Передонов стоял и ждал. Ему было грустно и страшно. Подумывал он убежать, да не решился и на это. Откуда-то очень издалека доносилась музыка: должно быть, предводителева дочь играла на рояле. Слабые, нежные звуки лились в вечернем тихом, темном воздухе, наводили грусть, рождали сладкие мечты.
Сначала мечты Передонова приняли эротическое направление. Он представлял барышень Рутиловых в самых соблазнительных положениях. Но чем дальше продолжалось ожидание, тем больше Передонов испытывал раздражение, – зачем заставляют его ждать. И музыка, едва задев его мертвенно-грубые чувства, умерла для него.
А вокруг спустилась ночь, тихая, шуршащая зловещими подходами и пошептами. И еще темнее казалось везде оттого, что Передонов стоял в пространстве, освещенном лампою в гостиной, свет от которой двумя полосами ложился на двор, расширяясь к соседскому забору, за которым виднелись темные бревенчатые стены. В глубине двора подозрительно темнели и шептались о чем-то деревья Рутиловского сада. На улицах по мосткам где-то недалеко долго слышались чьи-то замедленные, тяжелые шаги. Передонов начал уже бояться, что, пока он тут стоит, на него нападут и ограбят, а то так и убьют. Он прижался к самой стене, в тень, чтобы его не видели, и робко ждал.
Но вот по освещенным полосам на дворе пробежали длинные тени, захлопали двери, послышались за дверью на крыльце голоса. Передонов оживился. “Идут!” – радостно подумал он, и приятные мечты о красотках-сестрицах опять лениво зашевелились в его голове, – паскудные детища его скудного воображения.
Сестры стояли в сенях. Рутилов вышел на двор к воротам и огляделся, не идет ли кто по улице.
Никого не было ни видно, ни слышно.
– Никого нет, – громким шопотом сказал он сестрам в сложенные трубою руки.
Он остался сторожить на улице.

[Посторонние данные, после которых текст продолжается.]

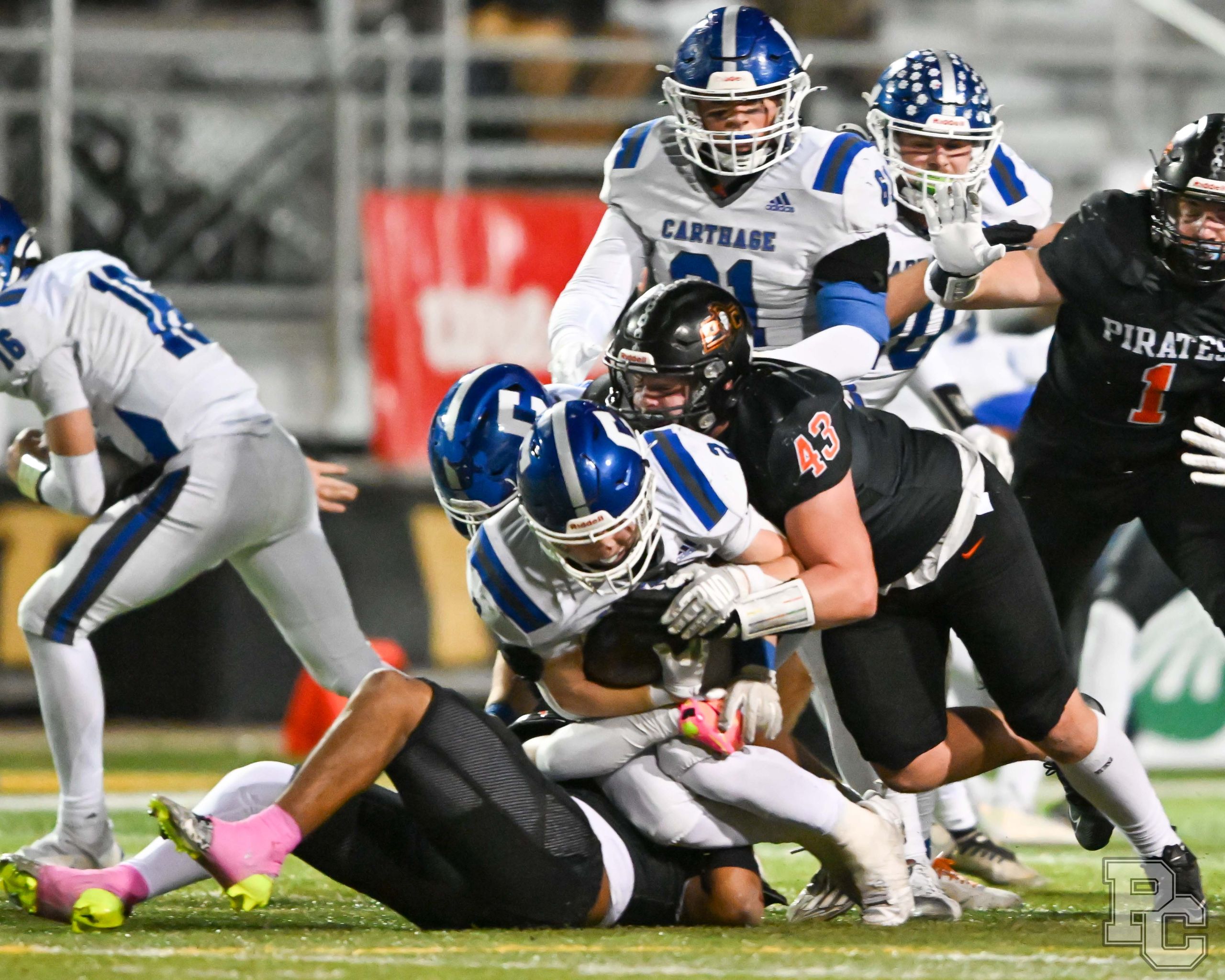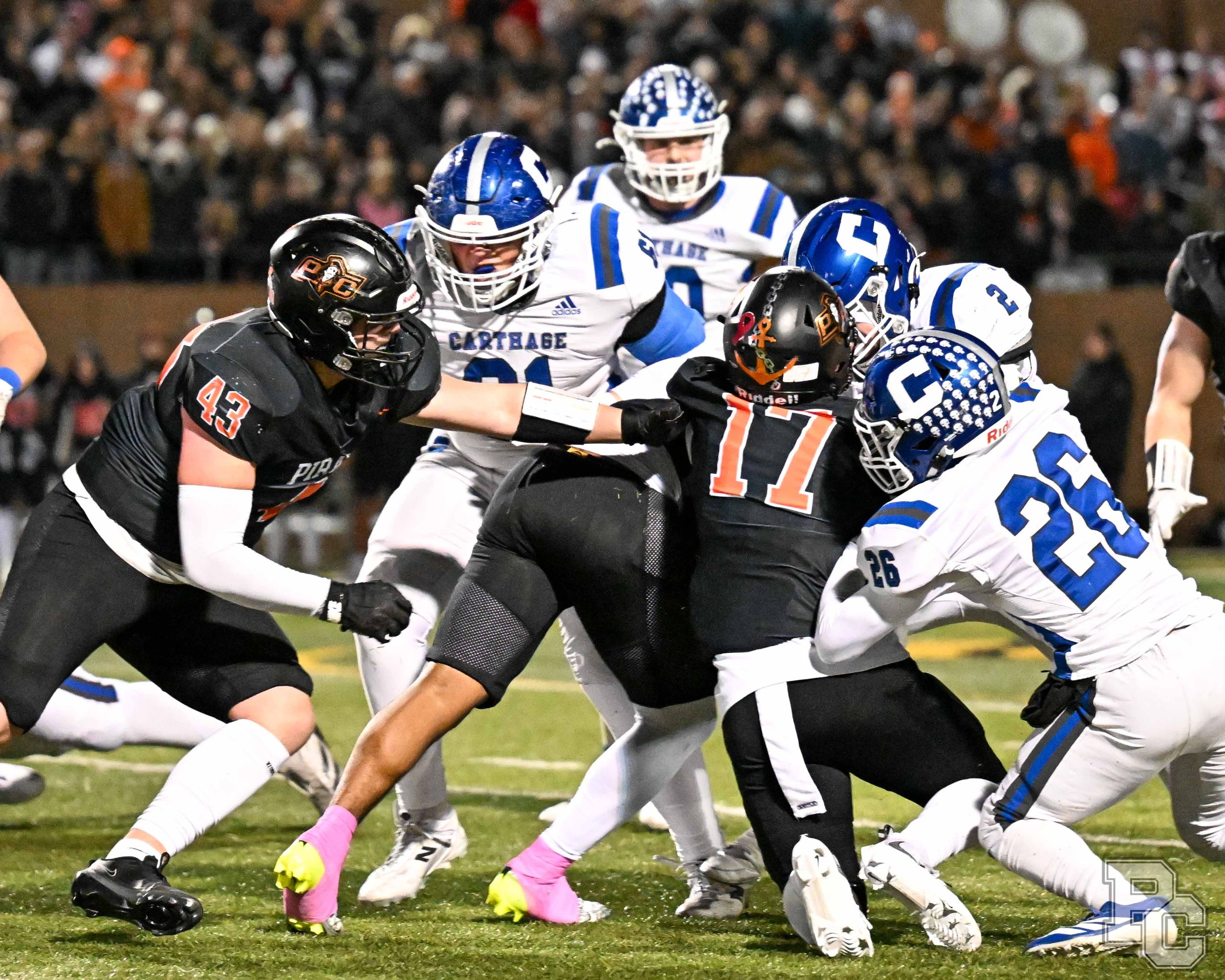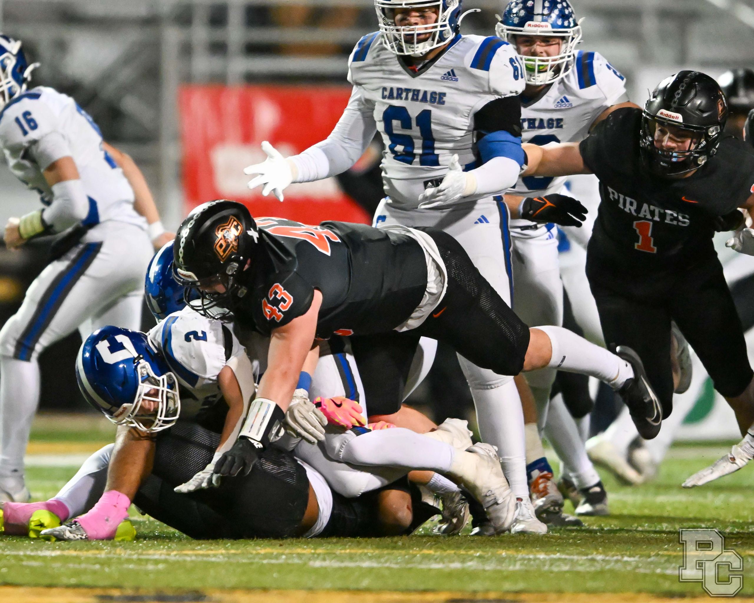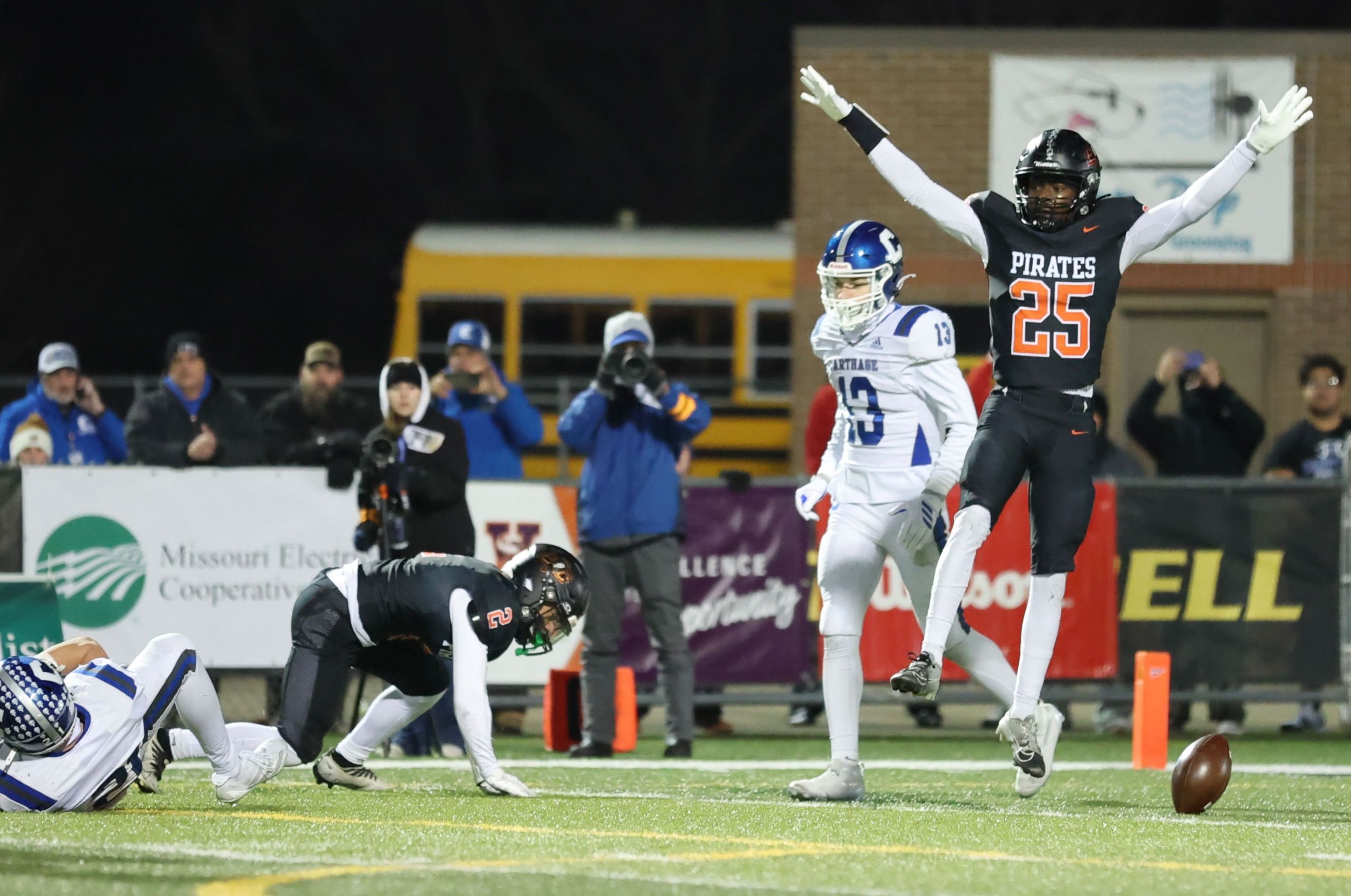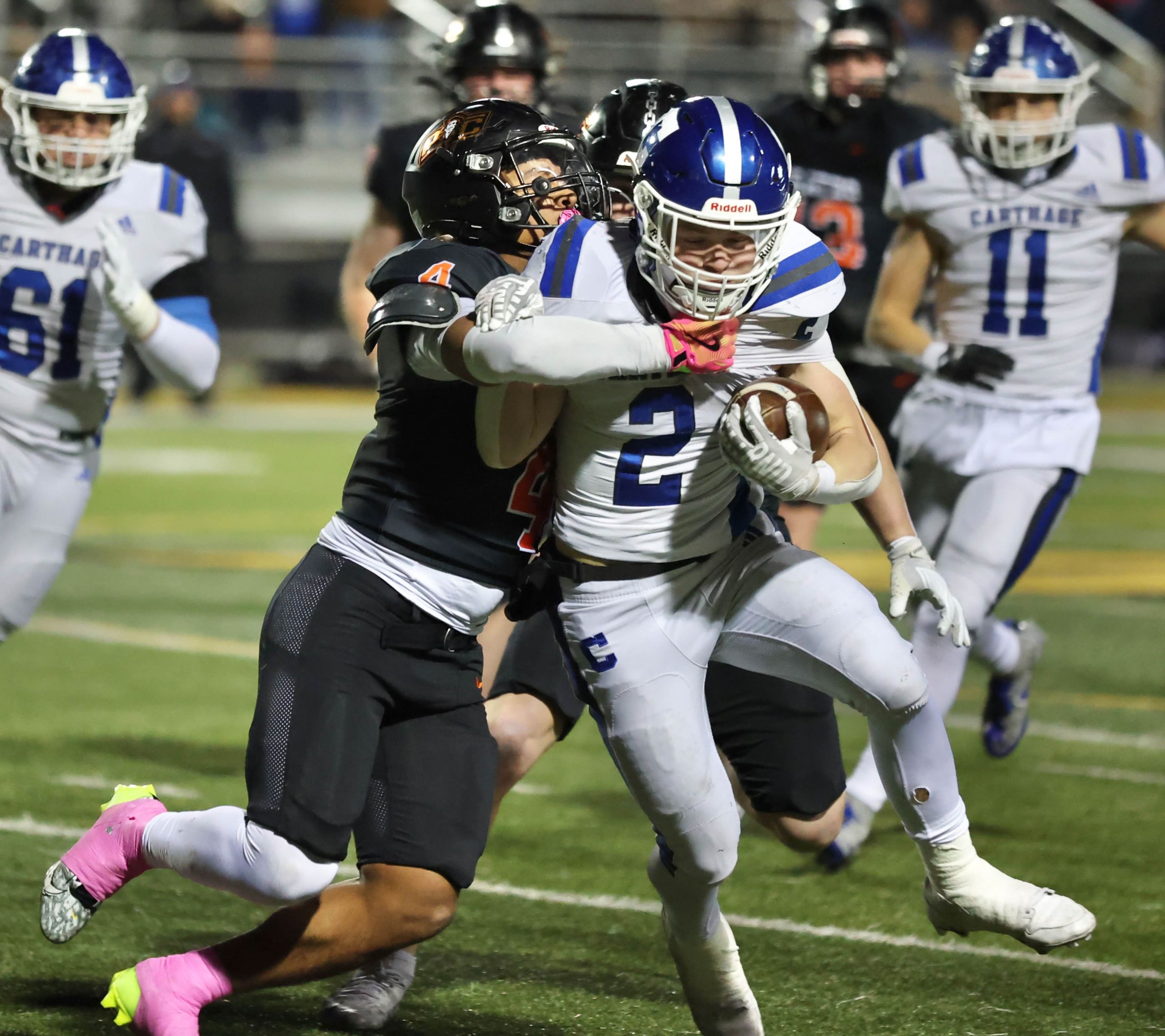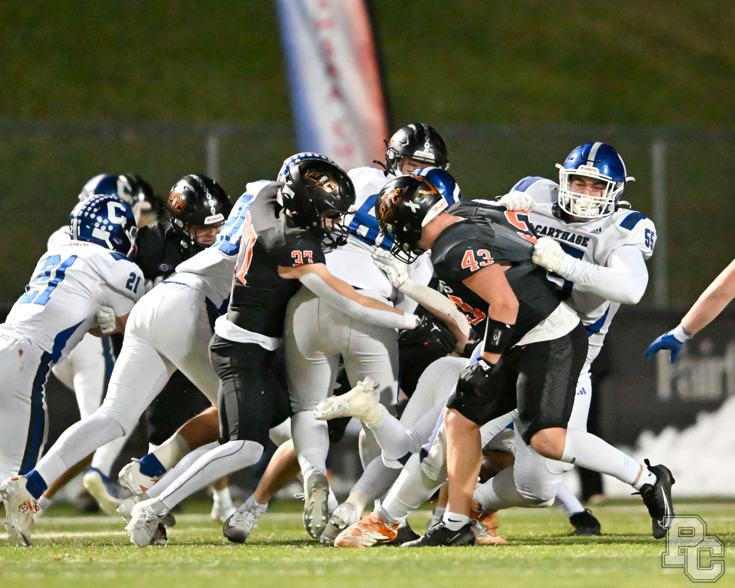 Platte County won a second straight state championship with a 34-28 victory in overtime against Carthage on Friday at Spratt Stadium on the campus of Missouri Western State University in St. Joseph.

Вместе с ним вышел на улицу и Передонов.
– Ну вот, сейчас они тебе скажут, – сказал Рутилов.
Передонов стоял у самой калитки и смотрел в щель меж калиткою и приворотным столбом. Лицо его было угрюмо и почти испуганно, и всякие мечты и думы погасли в его голове и сменились тяжелым, беспредметным вожделением.
Дарья первая подошла к приотворенной калитке.
– Ну, чем же вам угодить? – спросила она.
Передонов угрюмо молчал. Дарья сказала:
– Я вам блины буду превкусные печь, горячие, только не подавитесь.
Людмила из-за ее плеча крикнула:
– А я каждое утро буду по городу ходить, все сплетни собирать, а потом вам рассказывать. Превесело.
Между веселыми лицами двух сестер показалось на миг капризное, тонкое Валерочкино лицо, и послышался ее хрупкий голосок:
– А я ни за что не скажу, чем вам угожу, – догадывайтесь сами.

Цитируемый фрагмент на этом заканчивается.